Chemical Looping Process for Super-Dry Reforming of CO2 into CO
Driven by the need to develop technologies for converting large amounts of CO2, the super-dry reforming concept has been proposed and demonstrated on a small lab scale unit (g/h scale) in the Laboratory for Chemical Technology (LCT) at UGent.
Compared to regular dry reforming of (bio)methane, super-dry reforming is a strongly intensified process as it converts up to three CO2 molecules per molecule of CH4 into a pure CO stream. Taking into account that potential bio-methane production in the EU can reach up to 30Mt/y in the coming decade, this would allow to convert around 10% of current stationary point CO2 emissions into CO. This corresponds to converting more than 250 Mt/year CO2 per year! Note that, in principle, any methane rich source can be used so this figure might even be higher. In combination with renewable H2, produced for example from green electricity, CO can become a key platform molecule in a sustainable future.

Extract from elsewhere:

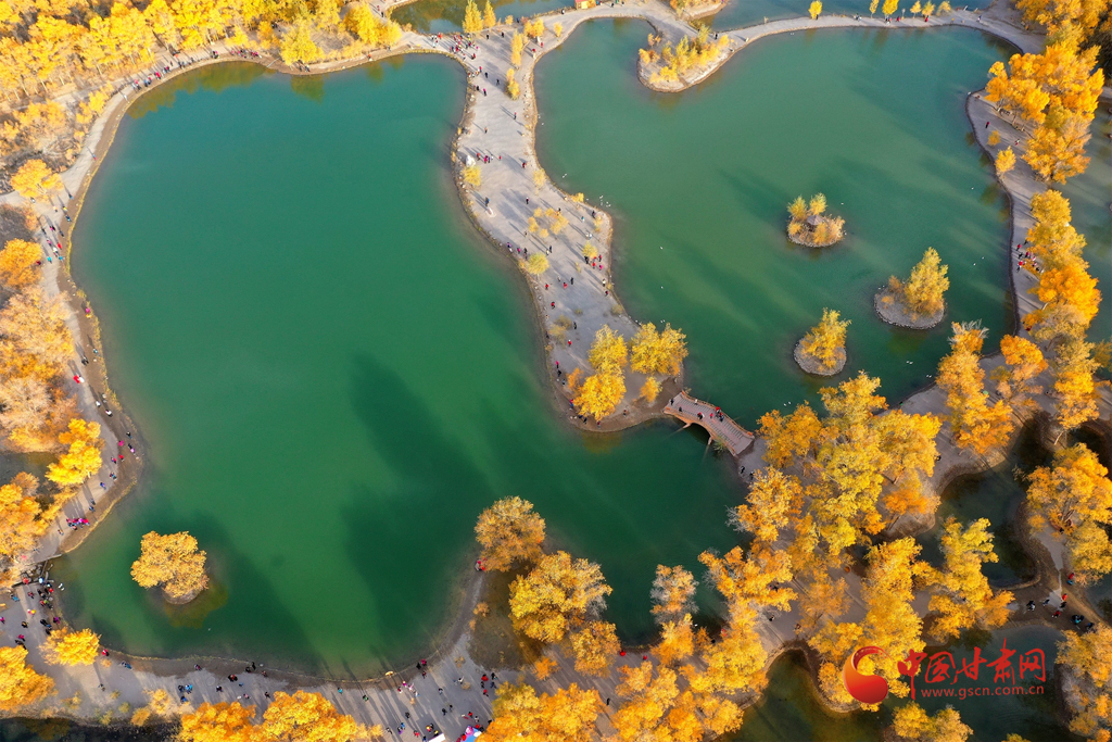 10月10日,在甘肅省酒泉市金塔沙漠胡楊林景區(qū),胡楊林在陽(yáng)光的照耀下金黃燦爛,與湖水相映,令人流連忘返。(無人機(jī)照片)
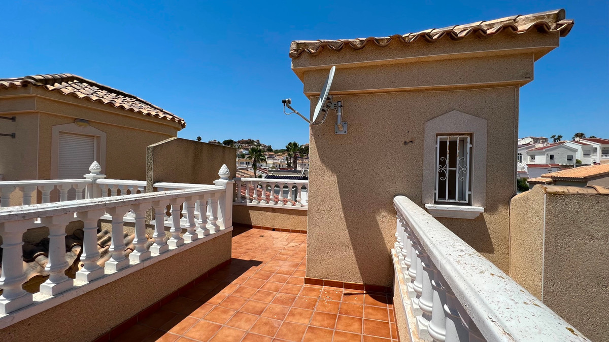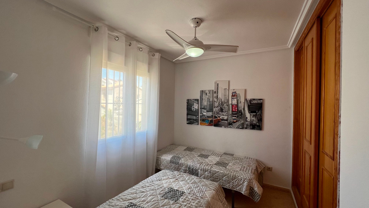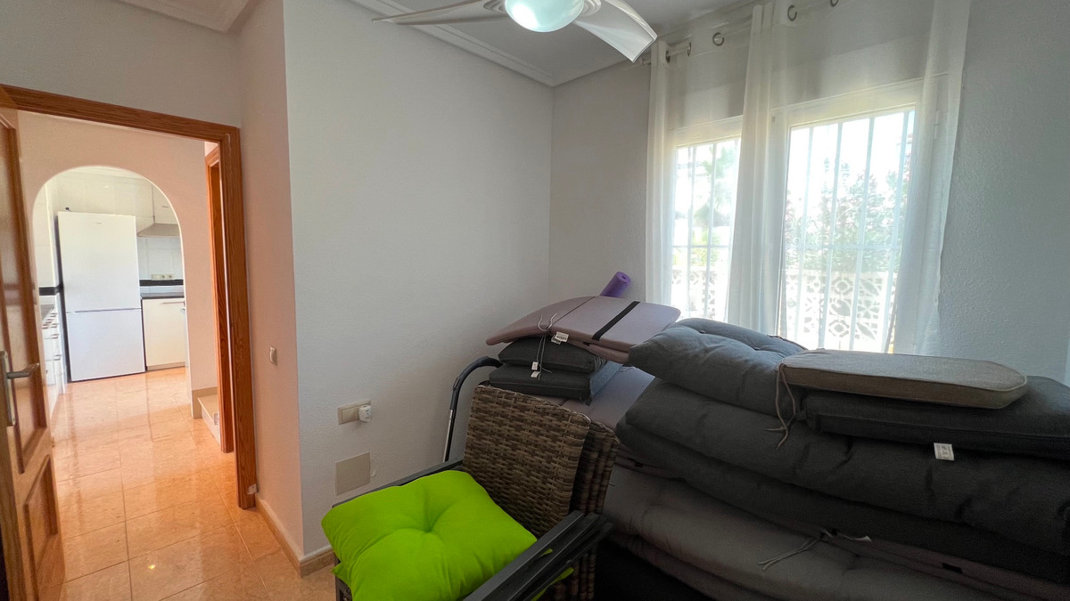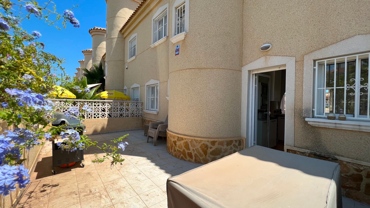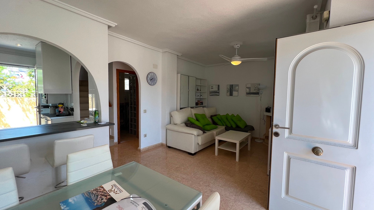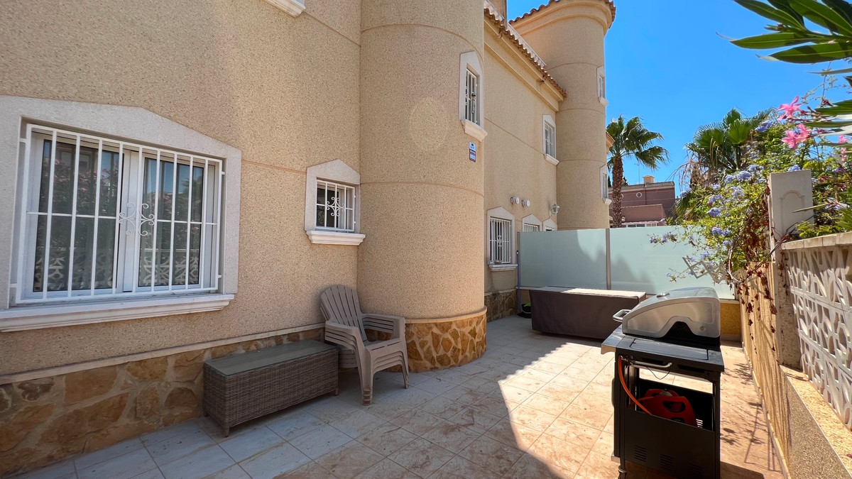 This is a charming townhouse in Cuidad Quesada. A nice and quiet urbanization with a communal swimming pool. There is room to park your car on the plot. Through the front garden you reach the terrace and the front door. The property is divided into 3 floors. On the ground floor you have a spacious living and dining room, equipped kitchen, bathroom, double bedroom and access to the backyard. On the first floor there is a spacious bathroom and two double bedrooms. Through the master bedroom you reach the balcony. On the 3rd floor is the solarium with beautiful views.

The key challenge in deploying and commercializing chemical looping is the robustness and economic readiness of the oxygen carriers for long-term viable operation at industrial conditions. A large gap exists between laboratory materials, even though demonstrating excellent characteristics, and the corresponding industrial solids.
In addition to producing efficient materials on 100 kg scale, the SDR project aims to build a demonstration setup at pilot level, based on a multi-reactor configuration. As such, this project will be a major contributor to the transition from a linear to a circular economy, aiming at sustainable development by replacing the ‘end-of-life’ concept with the reuse of two of the most important greenhouse gasses: CO2 and CH4.
Project type: LSI in MOT3 Electrification & Radical Process Transformation
Approved on: 20/12/2019
Start date: 01/01/2020 (with a maximum duration of 36 months)